The diagram below shows the hooks that form part of this container architecture for Reflex:

ReflexContainer

In this diagram we have a script running in a container with the links to the wired interfaces. The interfaces in sky blue are usually always implemented in a container.

Each of the hooks is described briefly below with some examples of how they are wired up depending on the container location:

API Handler

The API handler is the link to the connected Rapture API (the use of #doc.putContent in the above example). In a desktop this will use the client Rapture API, within Rapture itself this will be bound to the Rapture kernel.

Data Handler

This handler is used to implement the push and pull operators (–> and <--). The implementation is usually simply using the API handler, though this hook allows a more efficient implementation to be used if available.

Debug Handler

This handler (when implemented) gives the hook the ability to pause and inspect the state of a Reflex script. The handler is only usually implemented when user interaction is available but because the debug hook is called for each statement (and partial statement) executed a “debug handler” is also available that records performance statistics for the execution of a Reflex script.

IO Handler

Certain Reflex built-in functions involve manipulating “files” and “folders”. The binding of these concepts to an environment is the responsibility of this handler. On the server this is usually a null implementation (you cannot access files on a Rapture server). For desktop execution this is bound to the underlying operation system file structure.

Script Handler

Reflex scripts can “include” or “import” other Reflex scripts. This handler is used to work out how to retrieve those referenced scripts and often delegates to the API handler.

Output Handler

Built-in Reflex functions such as “print” have the default behavior of printing out the arguments onto the stdout stream. On a server this may not be the best approach – particularly if you want a calling application to see the output. The output handler implementation can determine the best way of handling printed information.

Input Handler

The input handler is the opposite of the output handler – it determines how the built in functions of Reflex that are responsible for getting data from a “user” are implemented.

Cache Handler

The cache functions of Reflex can help performance in that data can be stored in a cache for later retrieval – with the assumption that the cache entry may not necessarily exist if a follow on script is run on a completely different (and disconnected) Rapture server or desktop. Usually the cache handler is implemented as a simple time and space limited mapping store.
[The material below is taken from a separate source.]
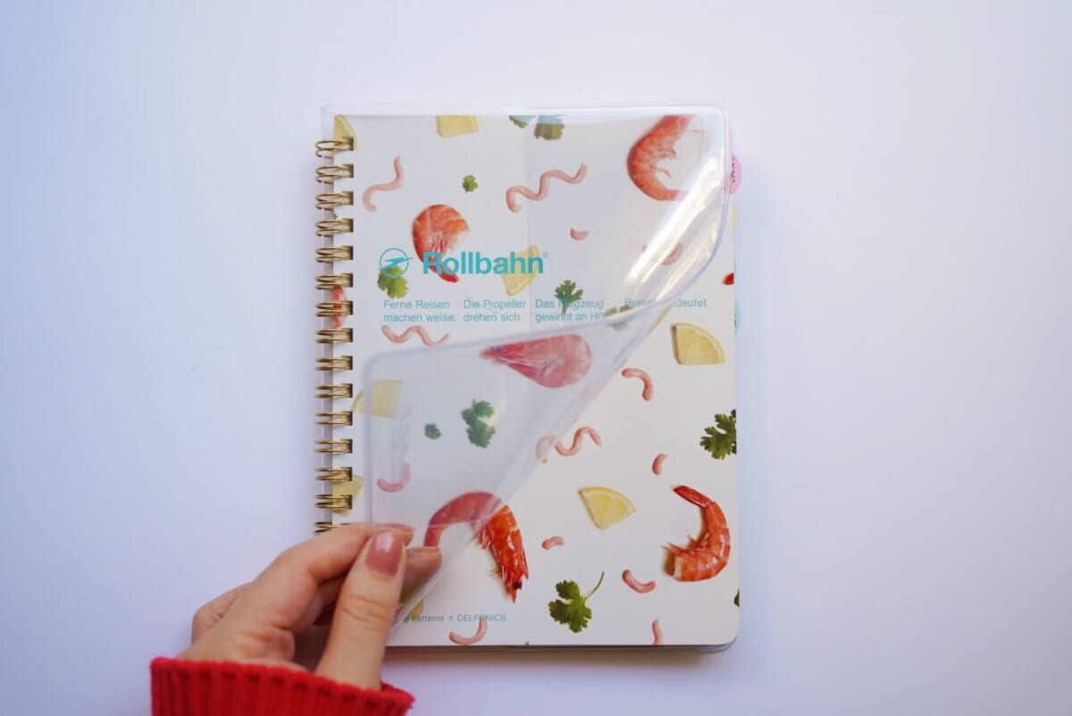 使いはじめてすぐ、私はふと、ロルバーン用のクリアカバー(「ロルバーンポケット付メモカバー」)の存在を思い出しました。ノートが汚れるのも嫌ですし、一応つけておこうと思い装着すると、これが実にすばらしい。ダメージを負いやすい角を守ってくれますし、もちろん表紙が汚れることも防げます。

Specific Reflex Containers

Within the Rapture platform there are a number of pre-built Reflex containers – which can be extended by a developer by implementing or extending the handlers described above.

Desktop execution

There are two desktop Reflex containers – the “ReflexRunner” application which takes as a parameter a file containing a Reflex script and the connection parameters to a Rapture environment, and a widget in the Rapture “Vienna” environment (a thick client graphical UI environment which will be the subject of a future post).

Server execution

On a server there are a number of different containers, depending on need.

The first is the container used when the API call #script.runScript is executed. The API is bound to the kernel, there is no debugging or input or file io and any output is captured and stored in the system log of the server.
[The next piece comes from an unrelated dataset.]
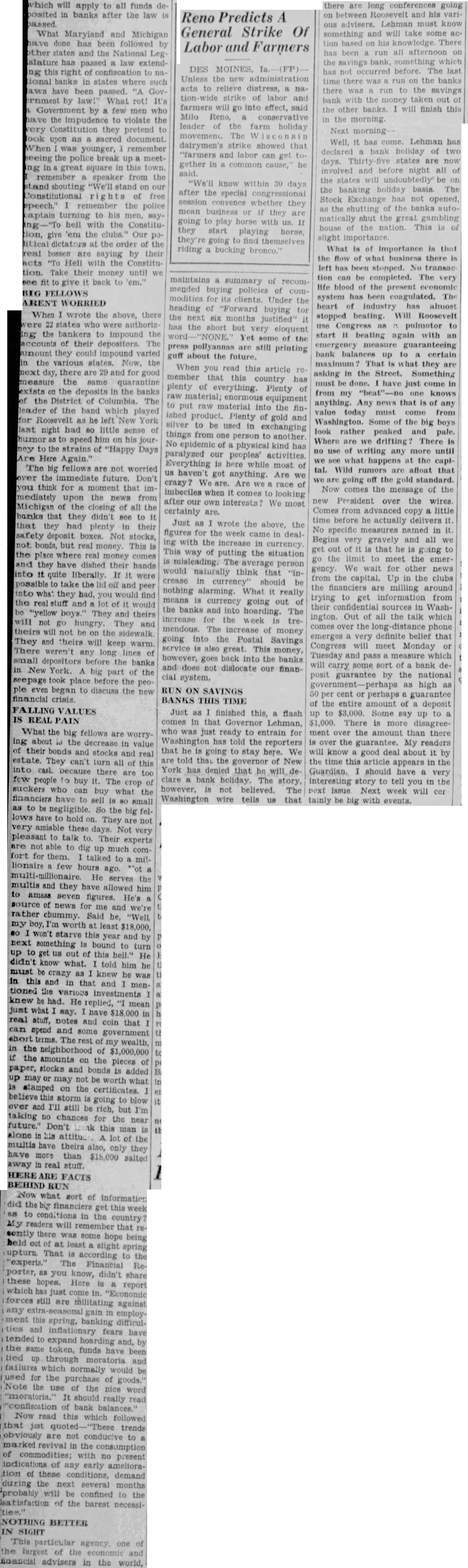 will apply to all funds in banks after the law What Maryiand and Michigan done has been followed by states and the National slature has passed law extendthis right of confiscation to banks states where such have been passed. Government by What rot! It's by few men who the impudence to violate the Constitution they pretend to upon as sacred document. was younger, remember the police break meetgreat square in this town. remember speaker from the shouting on our of free remember the police captain turning to his men, hell with the Constitugive 'em the Our the order of the bosses are saying by their Hell with the ConstituTake their money until back to FELLOWS ARENT WORRIED When wrote the above, there states who were authorizthe bankers impound the of their depositors. The they could impound varied the various states. Now, the there and for good measure the same the deposits in the banks the District Columbia. The leader of the band which played Roosevelt he left New York night had so little sense him his jourthe strains of Days "Happy Here Again." big fellows are not worried immediate future. Don't think for moment that mediately upon the news from Michigan of the closing of the banks that they didn't see had plenty their deposit boxes. Not stocks, bonds, but real money. This the place where real comes money they have dished their hands liberally. If take the and peer they had, you would find and of would They and theirs not hungry They and theirs will not be on the They theirs will keep warm. There weren't any long lines small depositors before the banks New York. big part of the seepage took place before the even began to discuss the financial crisis. VALUES What the big fellows about the decrease value their bonds and stocks and real estate. They turn all of this cash because there are too few people to buy The crop suckers who can buy what financiers have to sell small negligible. So the lows have hold They very amiable these Not days. very pleasant talk Their experts not able to dig up much comfor them. talked to lionaire few hours ago. He serves the multis and they have allowed him to seven figures. source news for and rather chummy. Said he, worth least won't starve this year and next something bound turn up out this He didn't know what. told him must crazy knew he this and in that and tioned the investments knew had. replied, mean just have real stuff, notes and coin that spend and some my the neighborhood of the amounts the pieces paper, stocks and bonds added may may not be worth stamped on the certificates. believe this storm going to over and I'll still but taking chances for the near future.' Don't this alone attitud lot of the multis have theirs also, only they have more than $18,000 salted away real stuff. HERE FACTS BEHIND RUN Now what sort of information financiers this week to in the readers will remember country: that there was some hope being held least slight spring That according to the "experts." The Financial porter, as you know, didn't share these hopes. Here report has forces are militating against employthis spring, banking inflationary fears have tended expand hoarding and, same token, funds have been tied through moratoria failures which normally would for the purchase of goods." Note the use of the nice word should really read of bank balances." Now read this which followed that just trends obviously are not conducive to marked revival the consumption commodities; with no present indications any early amelioration these conditions, demand during the next several months "probably will be confined the Isatisfaction of the barest necessi- NOTHING BETTER SIGHT This particular largest of the economic and financial advisers in the world, Reno Predicts General Strike Of Labor Farmers DES Unless the administration acts relieve distress, strike of labor and farmers will into effect, said Milo Reno, conservative leader of the farm holiday movement. The dairymen's strike showed that "farmers and labor can gether in common know days after the special congressional session whether they mean business they are going to play horse with they start playing horse, find themselves riding bucking bronco." maintains summary of recommended policies of modities clients. Under the heading "Forward buying tor the next six months justified" has the short but very eloquent some of the pollyannas still printing guff about the future. When you read this article member that this country plenty everything. Plenty raw material; equipment put material into the finished product. Plenty of gold and silver be used in exchanging things from one person to No physical kind has paralyzed our peoples' activities. Everything is here while most us haven't got anything. Are we crazy? Are of race imbeciles when comes to looking after interests? We most certainly are. Just wrote the above, the figures for the week came in dealwith the increase in currency. This way putting the situation misleading. person would naturally think that crease in should be nothing alarming. What it really means currency going out the banks and into hoarding. The increase for the week tremendous. The increase of money going into the Postal Savings service is also great. This money, however, goes back into the banks dislocate our financial system. RUN ON SAVINGS BANKS THIS TIME Just finished this, flash comes in that Governor Lehman, who was just ready to entrain for Washington has told the reporters that going to stay here. We that the governor of New York denied that he clare bank holiday. The story, however, not believed. Washington wire tells that there are long conferences going between Roosevelt and advisers. Lehman must know something and will take some his There has been run all afternoon the savings bank, something which occurred before. The last time there run the banks there was the savings bank the money taken out the other banks. will finish this the Next Well, has come. Lehman has declared bank holiday of two days. st

Next is a variant of that container when #script.runScriptExtended is executed. RunScriptExtended returns the output from the script after execution and so the output handler is bound to a different implementation.

Finally there is the container that is used when executing a script as part of a workflow (workflows are the subject of a future post). A workflow has the concept of a workflow “context” and the script has access natively to this context as variables pre-injected into the Reflex container. Also the return value of the script is captured and use to drive the future execution or direction of the workflow.

Language Overview

We’ve seen how a simple script is created and we’ve also seen the types of container a Reflex script can run in. We’ll now have a quick look at some of the features of the Reflex language. The post cannot describe every feature but there is a Reflex manual that can be requested from Incapture that contains that information.

General structure

Reflex has variables – capable of storing a number of different types. The type of a variable is inferred by its content. Reflex understands booleans, strings, numbers, lists, maps, sparse matrices, “files” (or streams) and native Java objects. So all of the following is valid syntax in Reflex:

x = true; // boolean
y = 1;  // number
z = 'a string'; // string
a = "another string"; //string
m = {};  // map
m['value'] = 4;
l = [ 1, 2, 3, 4 ];  // a list
l2 = [ x, y, z, a, m, l]; // a list containing different types

Reflex has simple operators on these values. The “index” operator is shown above for maps, the same structure with a number can be used to access members of a list. Other operators are the usual standard set with the usual precedence rules:

notx = !x;
twoY = y * 2;
letterA = z[0];
theFirstElement = l[0];
y /= 2;
y *= 2;
y = y + 10;
newY = (y * y) + (twoY * twoY);

Reflex has simple logic and loop constructs for controlling flow. The usual “if” “while” “for”. Reflex can enclose blocks with either “do” / “end” pairs or “{” “}”.

for x = 0 to 10 do
    if x % 2 == 0 do
        println("{x} is even");
    end
end

Procedures

Procedures can be defined using the syntax shown in the example at the start of this post. The name of a procedure can be used as a first class object to some of the more functional methods.

def twoTimes(x)
   return x * 2;
end

println(twoTimes(2));

Pull and Push

Reflex can retrieve and place data into a Rapture environment using a simple set of operators:

data = {};
data['one'] = 1;
data --> '//myrepo/data/1';
dataBack <-- '//myrepo/data/1';
assert(data['one'] == 1);

Files and IO

When supported by the container Reflex can access the underlying IO/File system of the environment:

x = file('myfile.csv');
for y in x do
   println("Line ${y}");
end

The Rapture API

The Rapture API is exposed to Reflex by using the # symbol followed by the API area and then the function within that API. Parameters to the API are cooerced to the types needed by the implementation of the API. If the return value is a complex object it can either be inspected directly (using a dotted method notation) or converted to a map using the “json” built-in.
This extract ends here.